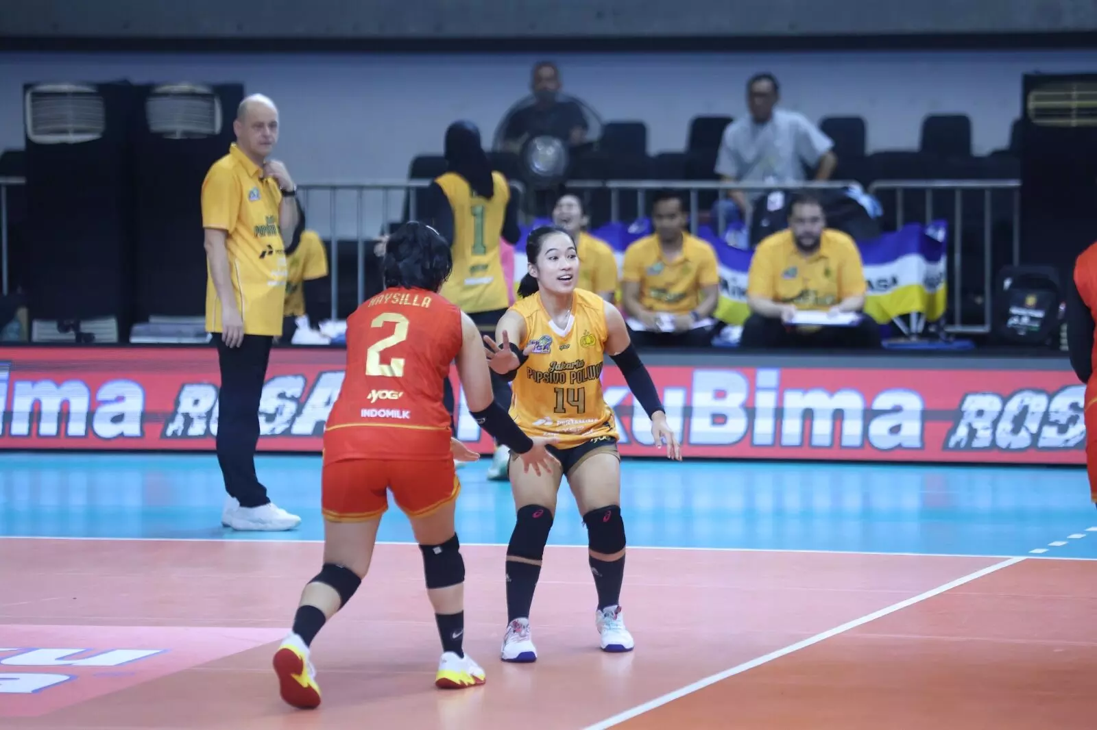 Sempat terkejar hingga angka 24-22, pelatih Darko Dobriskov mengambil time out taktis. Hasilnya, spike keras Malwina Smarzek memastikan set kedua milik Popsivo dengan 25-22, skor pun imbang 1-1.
...
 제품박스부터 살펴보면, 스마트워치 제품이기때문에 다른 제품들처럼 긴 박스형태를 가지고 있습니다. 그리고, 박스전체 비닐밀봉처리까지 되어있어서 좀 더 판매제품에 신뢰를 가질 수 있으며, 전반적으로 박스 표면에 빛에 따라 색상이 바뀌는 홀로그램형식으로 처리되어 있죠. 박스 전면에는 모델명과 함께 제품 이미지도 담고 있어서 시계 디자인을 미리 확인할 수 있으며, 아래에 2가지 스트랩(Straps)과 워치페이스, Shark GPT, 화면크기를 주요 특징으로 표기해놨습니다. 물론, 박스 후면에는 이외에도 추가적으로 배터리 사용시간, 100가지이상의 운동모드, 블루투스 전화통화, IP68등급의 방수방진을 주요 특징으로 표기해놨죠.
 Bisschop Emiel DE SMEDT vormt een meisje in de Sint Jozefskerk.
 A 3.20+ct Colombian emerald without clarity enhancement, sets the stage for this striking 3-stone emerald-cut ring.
==
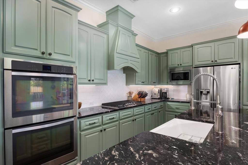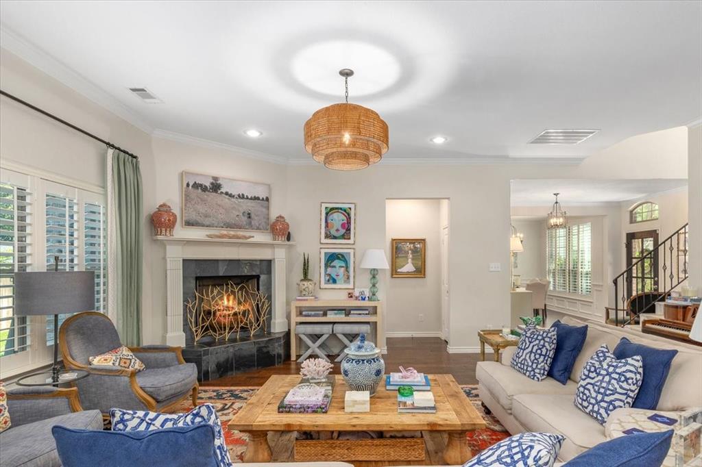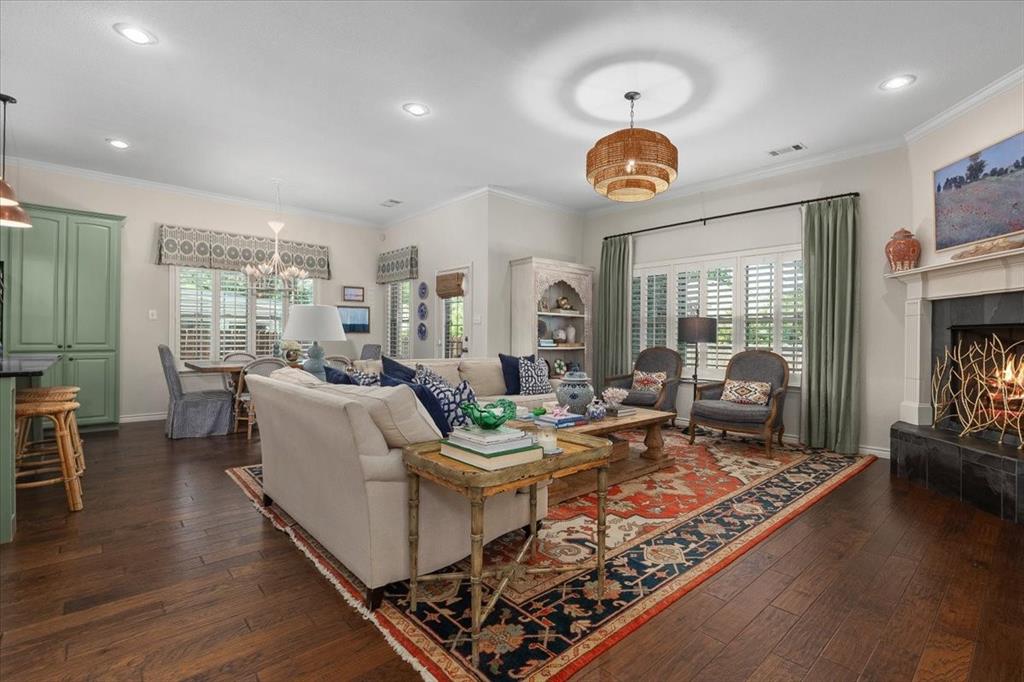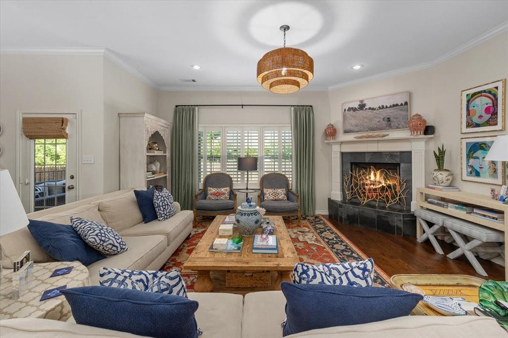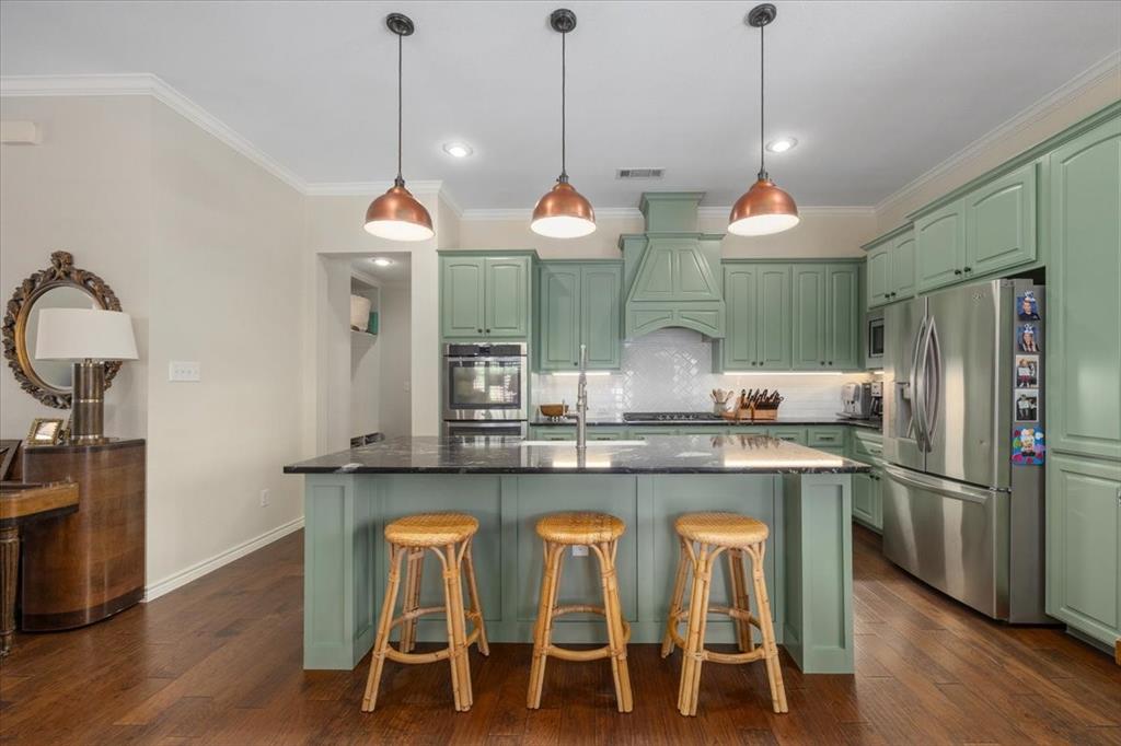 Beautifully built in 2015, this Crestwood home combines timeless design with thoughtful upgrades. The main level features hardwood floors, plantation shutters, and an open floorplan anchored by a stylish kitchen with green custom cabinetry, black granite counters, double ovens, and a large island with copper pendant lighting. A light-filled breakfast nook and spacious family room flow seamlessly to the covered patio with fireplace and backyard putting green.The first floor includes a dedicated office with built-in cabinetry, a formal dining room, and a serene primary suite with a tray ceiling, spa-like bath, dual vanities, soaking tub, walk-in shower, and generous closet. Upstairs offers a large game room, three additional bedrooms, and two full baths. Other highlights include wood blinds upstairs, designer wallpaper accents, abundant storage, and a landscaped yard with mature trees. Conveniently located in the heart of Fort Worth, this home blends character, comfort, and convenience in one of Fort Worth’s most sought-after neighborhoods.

What the task requires ->
Above are the records. Print exactly, and only, the lines from the line with "Bisschop Emiel DE" to the line with "A 3.20+ct Colombian", both inclusive.

Answer to this exercise ->
 Bisschop Emiel DE SMEDT vormt een meisje in de Sint Jozefskerk.
 A 3.20+ct Colombian emerald without clarity enhancement, sets the stage for this striking 3-stone emerald-cut ring.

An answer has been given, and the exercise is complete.